_Task details_
In the entries below, find the line with "Holiday Toile Faux" and the line with "The main deck", then retype both and everything between them exactly. Do not copy the pictures.

-*-

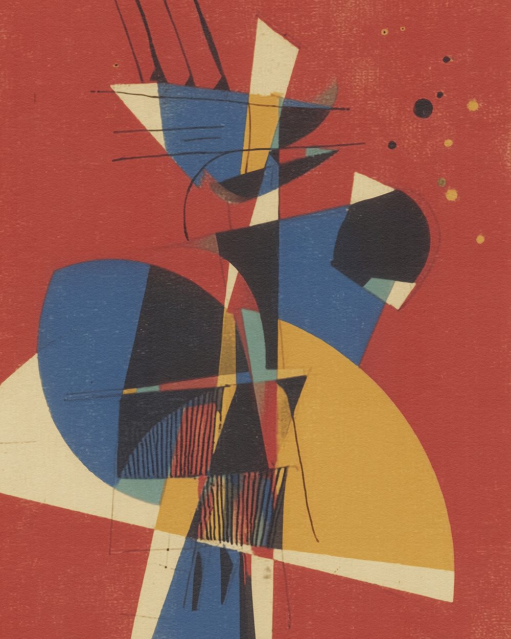 This striking abstract art series blends geometric precision with modernist emotion, echoing Bauhaus and Constructivist influences. Each piece orchestrates red, blue, and yellow into bold, dynamic compositions.
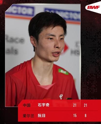 男单方面,国羽三人全部取胜。3号种子石宇奇以21:15、21:8战胜爱尔兰选手阮日,李诗沣以21:17、21:9击败中国香港队的伍家朗。四分之一决赛两人将捉对较量。
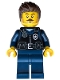 Police - City Officer Male, Black Safety Vest with Silver Star Badge Logo, Dark Blue Legs, Dark Brown Wavy Hair
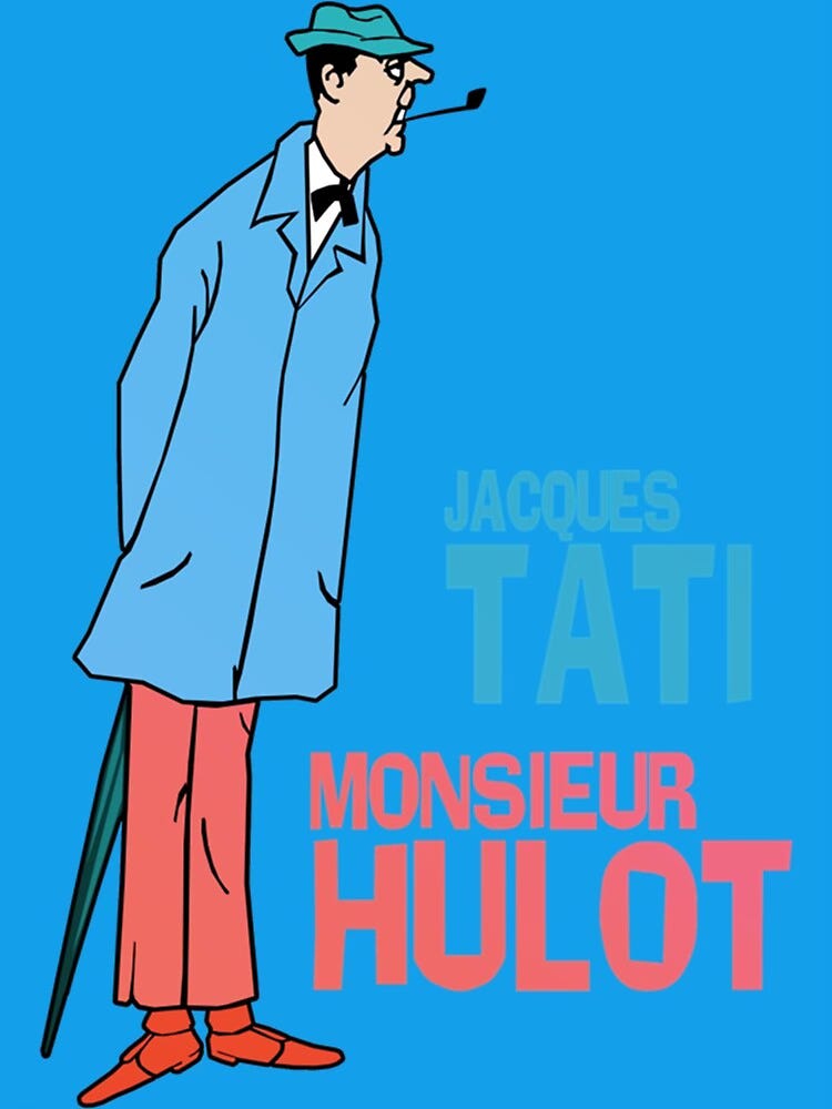 però decideixo callar, fumar, guardar-me de la pluja i sentir entre bambolines les converses d’entre bambolines. els actors de l’obra surten, tots s’abracen i criden i beuen cervesa i fumen més que jo i son guapus i guapes i m’ignoren (o si no m’ignoren, ho dissimulen prou bé —clar, son actors—i només pensen que soc una mica creepy; no no, segur que m’ignoren) em sento monsieur hulot a qualsevol escena de qualsevol pel·lícula. penso que em vull tatuar la silueta de monsieur hulot al braç esquerre.
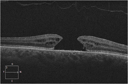 Figure 2. Spectral-domain OCT of a full-thickness macular hole.
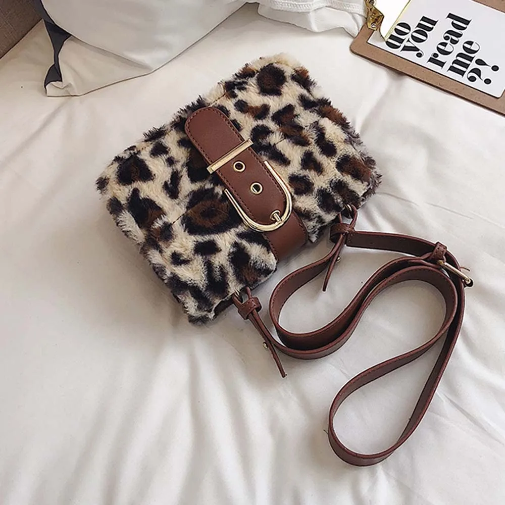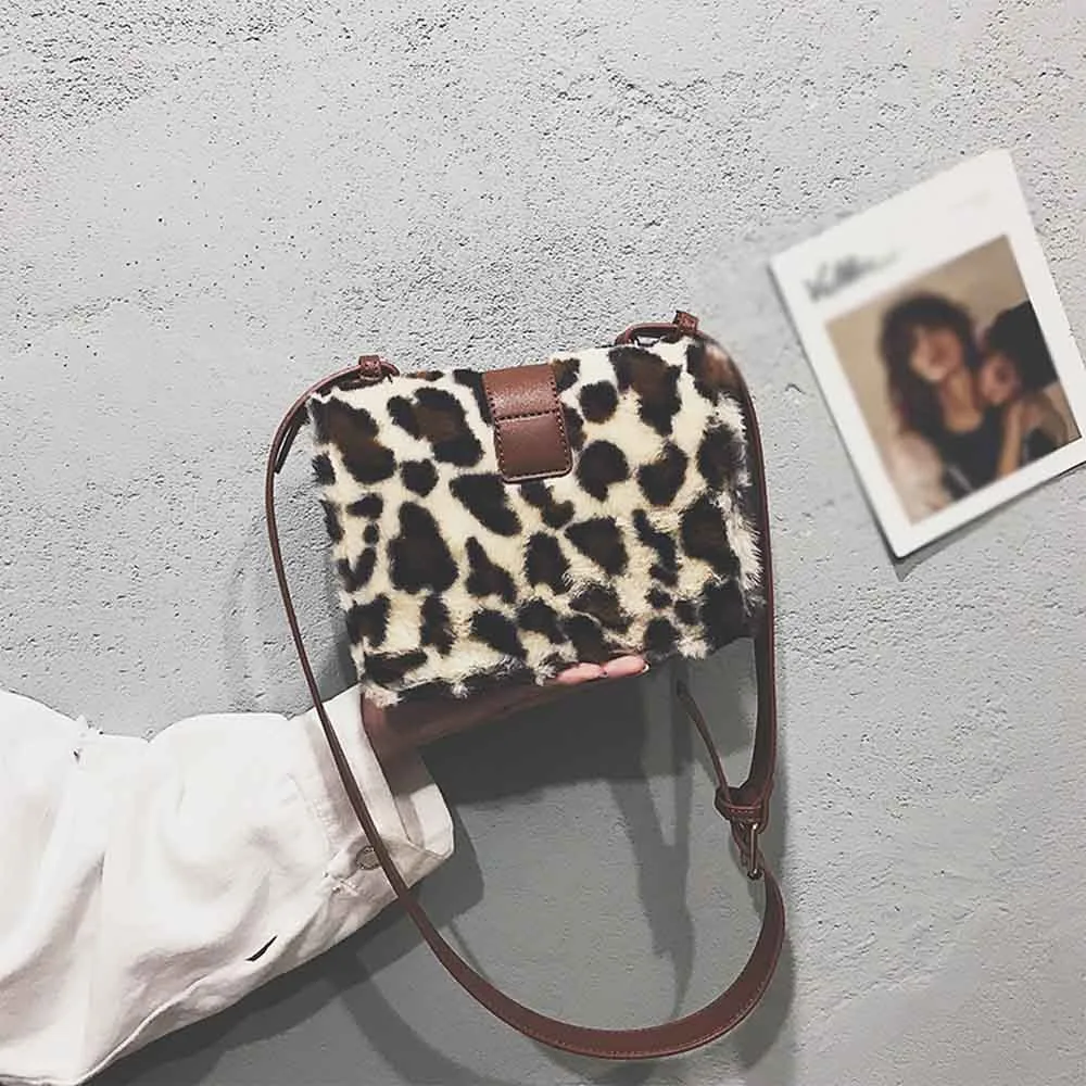 Модная женская леопардовая плюшевая мини квадратная сумка через плечо
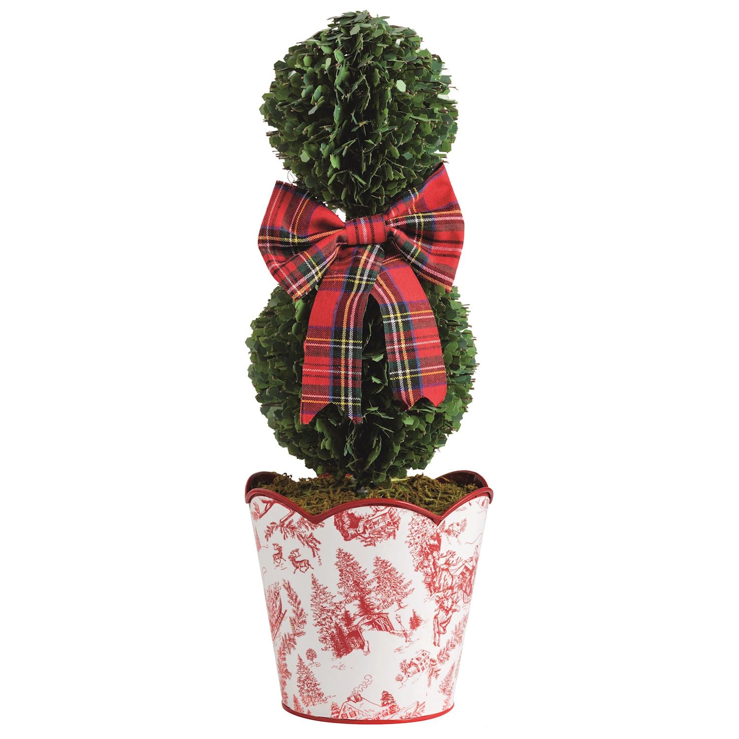 Holiday Toile Faux Boxwood Topiary with Tartan Bow
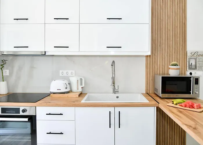 Среди кухонных удобств можно выделить электрочайник, холодильник и кухонную утварь. Всего в 7 минутах ходьбы гости найдут ресторан Big Max Diner, где им подадут блюда греческой кухни. Гости также могут сесть на автобус на автобусной остановке Фонтан Кавос, расположенной всего в 10 минутах ходьбы, чтобы посетить соседние районы Кавос. На территории можно взять напрокат велосипеды или провести время наслаждаясь пинг-понгом и дартсом.
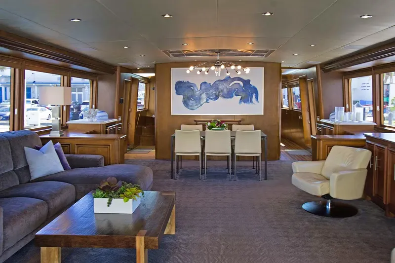 The main deck features a spacious main salon with dining area. The gourmet galley has its own dining area with seating for eight guests in a modern country-style kitchen, offering breakfasts and casual snacks throughout the day in a comfortable atmosphere. Alfresco cocktails and dining can be enjoyed on the oversized sheltered aft deck.
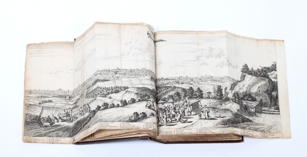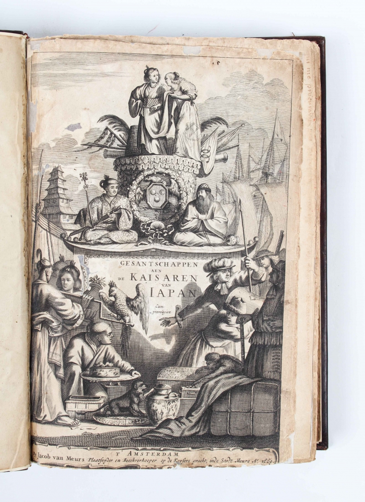 vervaetende wonderlijke voorvallen op de Togt der Nederlandsche Gesanten: Beschryving van de Dorpen, Sterkten, Steden, Landschappen, Tempels, Gods-diensten, Dragten, Gebouwen, Dieren, Gewasschen, Bergen, Fonteinen, vereeuwde en nieuwe Oorlogs-daeden der Japanders. Arnoldus Montanus, Amsterdam, 1669, (6), 456,(15) p. Large engraved map, 21 (of 24) (folded) views/plates, many illustrations in the text, modern leather binding in old style, folio.

-*-

_Exercise solution_
 Holiday Toile Faux Boxwood Topiary with Tartan Bow
 Среди кухонных удобств можно выделить электрочайник, холодильник и кухонную утварь. Всего в 7 минутах ходьбы гости найдут ресторан Big Max Diner, где им подадут блюда греческой кухни. Гости также могут сесть на автобус на автобусной остановке Фонтан Кавос, расположенной всего в 10 минутах ходьбы, чтобы посетить соседние районы Кавос. На территории можно взять напрокат велосипеды или провести время наслаждаясь пинг-понгом и дартсом.
 The main deck features a spacious main salon with dining area. The gourmet galley has its own dining area with seating for eight guests in a modern country-style kitchen, offering breakfasts and casual snacks throughout the day in a comfortable atmosphere. Alfresco cocktails and dining can be enjoyed on the oversized sheltered aft deck.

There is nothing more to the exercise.